Automated annotation of cross-talk
The UNCROSS algorithm uses simple heuristics to automate the manual procedure described above for annotating cross-talk. UNCROSS-Ref predicts cross-talk in mock samples where OTUs are annotated as matching (or not matching) the designed mock community. UNCROSS-Denovo predicts cross-talk in all samples considering read counts alone. These approaches are complementary. UNCROSS-Ref can identify unexpected OTUs by comparison with the database and is thus more sensitive to cross-talk in OTUs with low overall abundance, but cannot detect or correct cross-talk in environmental samples. UNCROSS-Denovo is less sensitive to cross-talk in OTUs with low overall read counts, but can detect cross-talk in environmental samples and can thus be used to detect and correct cross-talk in practice.

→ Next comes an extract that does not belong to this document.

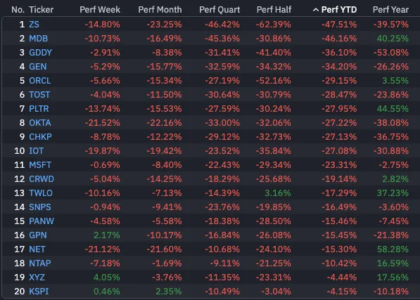 整个软件板块几乎哀鸿遍野,普遍陷入抛售,能保持正收益的软件股已经凤毛麟角。

UNCROSS is not a robust solution for cross-talk
The mechanism(s) causing cross-talk are not well understood. Many different indexing schemes are used. Cross-talk rates in your data may be quite different from the datasets on which UNCROSS was designed and tested, in which case the accuracy of UNCROSS on your data may be lower. Also, cross-talk may be hard or impossible to detect when the number of multiplexed samples is large, say around 100 or more. It is much better to use multiplexing strategies that are designed to reduce cross-talk. UNCROSS is best understood as a simplisitc hack that is the best we can do with exisitng data.


Schematic illustration of the UNCROSS-Denovo algorithm. The OTU table entries for a given OTU are shown sorted by decreasing count (number of reads). If a count is at least 2% then it is classified as valid. If a count is <= 0.5% of the total over valid counts, it is predicted to be due to cross-talk. Intermediate values are classified as undetermined.